Даже Фёдор Вадимович Стариков, который готовился тоже вылетать в Москву по окончании летнего сезона археологических исследований, пригласил Евгения Николаевича с Настасьей Алексеевной в научный комплекс на свои и их проводы командой учёных. Там они сидели большой компанией в доме геологов у камина, пили вино и водку, а Евгений Николаевич прочитал по случаю написанные стихи:
Прощайте, хладные долины,
меж гор застывшие в снегах,
где то суровый, то игривый
летает ветер на крылах.
Он то запенит моря волны,
то засвистит в разбойный свист,
и молча слушают лишь горы,
как в горный горн горнит горнист.
Последний раз лечу над негой,
как дев белеющих, снегов.
Мне не забыть под южным небом
очарованья их оков.
Прощайте, холодные долы -
оленям полярным приют,
где ночи так тянутся долго,
рассветы так долго идут.
Но если придут, не уходят,
засев на макушках у гор.
И солнце цепляет на всходе
за небо лучистый багор.
Я жил здесь и жил не напрасно.
В суровости прожитых лет
я понял: и ночи прекрасны,
коль знаешь, что будет рассвет.
Слушавшие дружно зааплодировали, а геолог Виктор, молодой, но уже кандидат наук, сняв большие очки, заметил:
– Хорошие стихи, Евгений Николаевич, только какие-то пессимистичные. Вы же не навсегда уезжаете. Раз будете работать в тресте, то придётся временами сюда снова приезжать. А вы пишете так, как будто навсегда покидаете эти места.
– Ты прав Виктор, – ответил Евгений Николаевич несколько раздумчиво. – Но я пишу стихи чувствами, а не практическими соображениями.
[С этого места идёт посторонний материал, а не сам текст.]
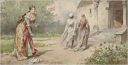Emilia first appears on stage in 2.1 when she arrives in Cyprus with Iago, Desdemona, and Roderigo. Iago resolves that Emilia should "move for Cassio to her mistress" at the end of 2.3.[1]
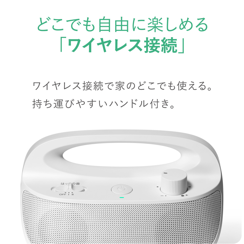 スピーカーの操作は、電源ボタン/ボリュームノブ/はっきり音スイッチとシンプルな設計。電源を「入れる」、音量を「調整する」、はっきり音を「設定する」の3ステップで、迷うことなく直感的に使えます。
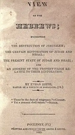 View of the Hebrews is an 1823 book[1] written by Ethan Smith, a Congregationalist minister in Vermont, who argued that Native Americans were descended from the Ten Lost Tribes of Israel, a relatively common view during the early nineteenth century.[2] Numerous commentators on Mormon history, from LDS Church general authority B. H. Roberts to Fawn M. Brodie, biographer of Joseph Smith, have noted similarities in the content of View of the Hebrews and the Book of Mormon, which was first published in 1830, seven years after Ethan Smith's book.
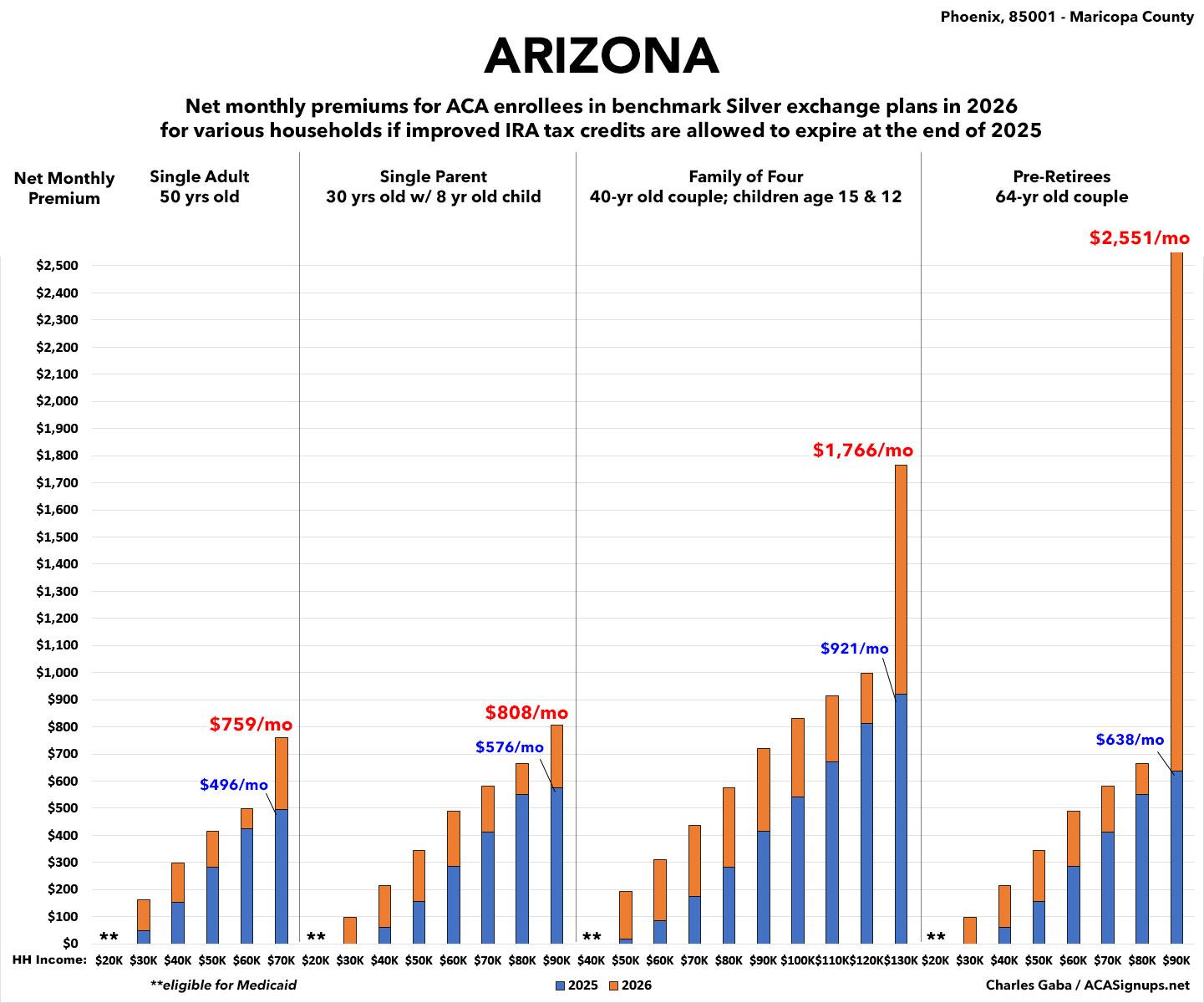 Arizona has around 423,000 residents enrolled in ACA exchange plans, 88% of whom are currently subsidized. I estimate they also have perhaps another ~8,000 unsubsidized off-exchange enrollees.
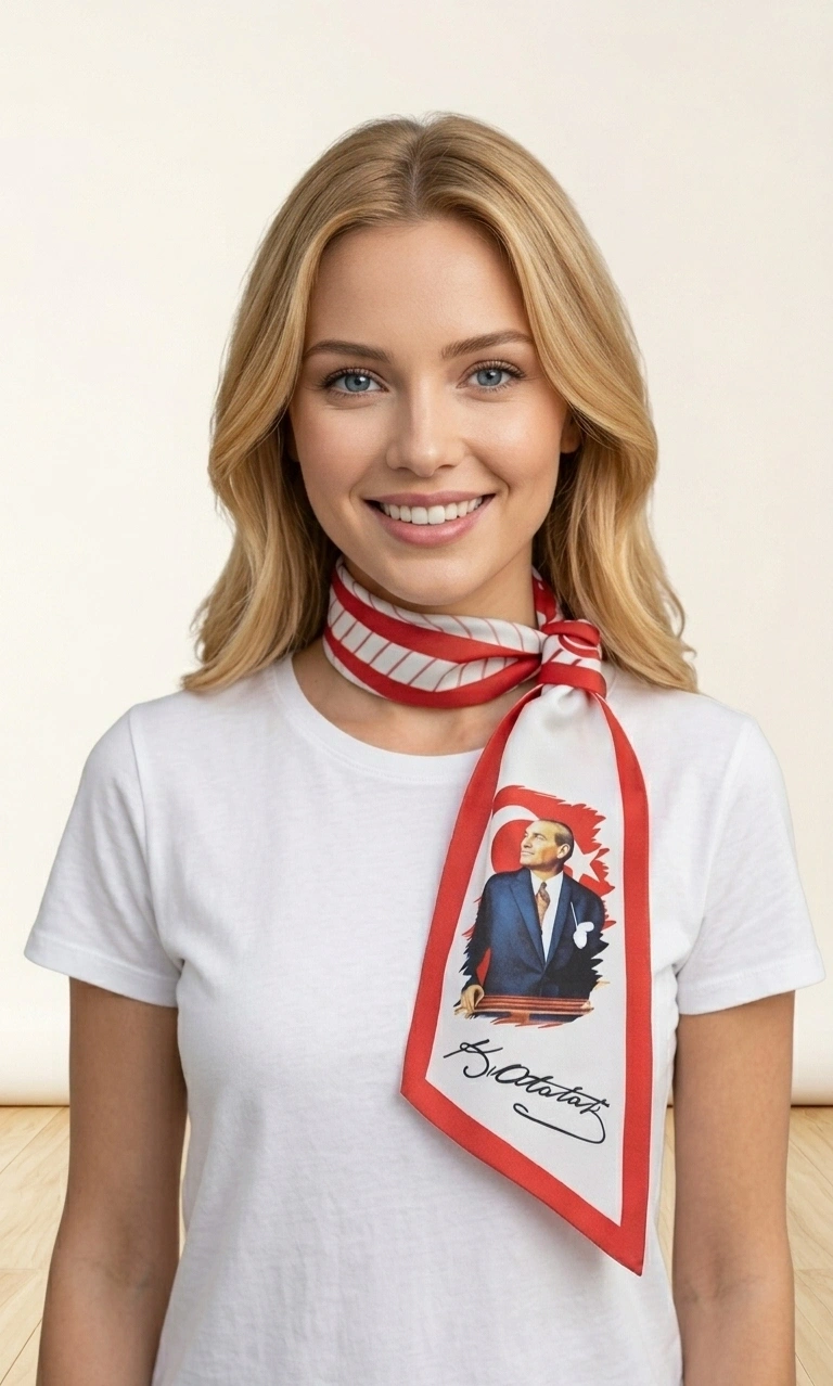 Cumhuriyetimizin kurucusu Gazi Mustafa Kemal Atatürk’ün asaletini ve devrimlerini boynunuzda taşıyın! Hem günlük kombinlerinize şıklık katacak hem de milli bayramlarda gururla tercih edebileceğiniz bu Atatürk temalı fular, zarafet ile vatan sevgisini bir araya getiriyor.
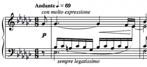 American music critic James Huneker (1857–1921) calls the étude "a dark doleful nocturne. […] the melody is full of stifled sorrow."[13] Italian composer and editor Alfredo Casella (1883–1947) speaks of "meditated grief" and thinks "it is difficult to conceive an elegy more severe and sober than this study."[14] French pianist Alfred Cortot (1877–1962) on the other hand calls the character of this study "feverish and concentrated" and insists that "below the passionate lament of the upper voice […] we must hear a vital lower part […] uniting with it [yet] preserving its own timbre and its own freedom of rhythm."[15]
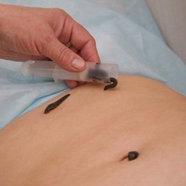 Две пиявки в пупок. Именно такую первую постановку рекомендует Константин Васильевич Сухов - врач, кандидат медицинских наук, гирудотерапевт с большим практическим стажем. Постановка «убивает сразу двух зайцев». Во-первых, начинается частичная очистка печени - от пупка в печень идет большая (воротная) вена, и вся слюна пиявки попадает сразу в печень. Во-вторых, такая постановка дает возможность оценить количество приставок на ближайшие сеансы. Если кровь текла 3-4 часа - можно ставить 4-5 шт. Если 20-24 часа - пока не более 2-3.
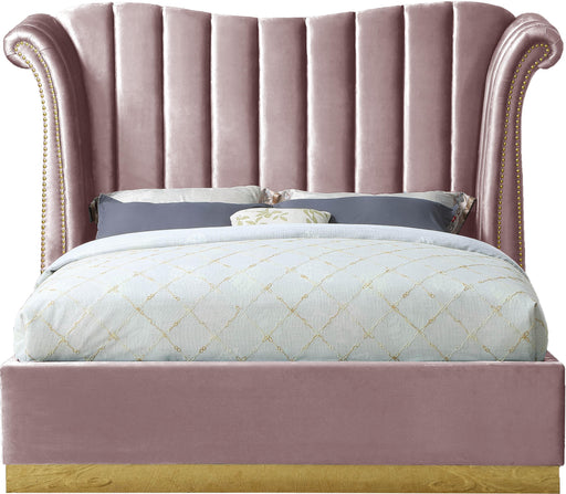 MeridianMake a dramatic statement while creating contemporary flair in the bedroom with this breathtaking Flora pink velvet king bed. Featuring a gold meta...

Что будет дальше, увидим.
– А, между прочим, Настасья Алексеевна тоже пишет стихи. Давайте послушаем, что она чувствует, – предложил Фёдор Вадимович. – Заодно и выпьем за неё отдельно, как за единственную среди нас сегодня женщину.
Улыбки коснулись каждого сидящего за столом. Это были и три геолога, и два метеоролога, и один пожилой уже гляциолог, и четыре археолога. Все подняли рюмки в ожидании, что скажет Настенька. А она поднялась, посмотрев на пылающий жарко камин, и обведя потом всех присутствующих взглядом, проговорила:
– Я не стану соревноваться с Евгением Николаевичем, но прочитаю всего восемь строк о своих чувствах к милому мне человеку, которые я ему ещё не читала – И она глядя теперь уже только на него сверху вниз, не спеша, продекламировала:
И снег срывался по касательной,
Касаясь глаз моих и щёк.
и стала вся земля красавицей.
Красавца принца б мне ещё.
И ты пришёл ко мне, красавец,
из этой снежной кутерьмы.
Девчонкам всем другим на зависть,
как в снежной сказке будем мы.
– За такое откровение грех не выпить, – закричал Виктор. Все потянулись рюмками к Настеньке и поднявшемуся Евгению Николаевичу.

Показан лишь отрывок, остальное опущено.